What you will do:
Starting at the line containing "一年生の国語では、毎日ひらが" and ending at the line containing "Un cartón corrugado", transcribe the listing below exactly. Keep both end lines, skip the pictures, and copy nothing else.

***** Extracted material *****

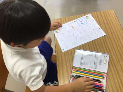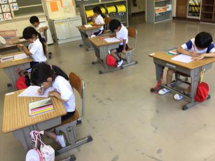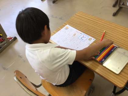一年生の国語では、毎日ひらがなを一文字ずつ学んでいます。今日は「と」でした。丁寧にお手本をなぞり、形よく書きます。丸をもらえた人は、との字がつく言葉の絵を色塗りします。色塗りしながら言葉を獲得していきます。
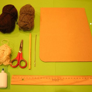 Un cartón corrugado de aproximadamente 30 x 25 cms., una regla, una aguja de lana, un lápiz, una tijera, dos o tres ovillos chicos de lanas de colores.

*****
***** Extracted material *****

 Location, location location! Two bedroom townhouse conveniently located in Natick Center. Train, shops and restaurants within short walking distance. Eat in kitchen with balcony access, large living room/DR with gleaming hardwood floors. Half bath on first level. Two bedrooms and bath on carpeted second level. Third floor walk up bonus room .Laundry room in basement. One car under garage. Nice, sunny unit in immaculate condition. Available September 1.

*****

Solution below:
一年生の国語では、毎日ひらがなを一文字ずつ学んでいます。今日は「と」でした。丁寧にお手本をなぞり、形よく書きます。丸をもらえた人は、との字がつく言葉の絵を色塗りします。色塗りしながら言葉を獲得していきます。
 Un cartón corrugado de aproximadamente 30 x 25 cms., una regla, una aguja de lana, un lápiz, una tijera, dos o tres ovillos chicos de lanas de colores.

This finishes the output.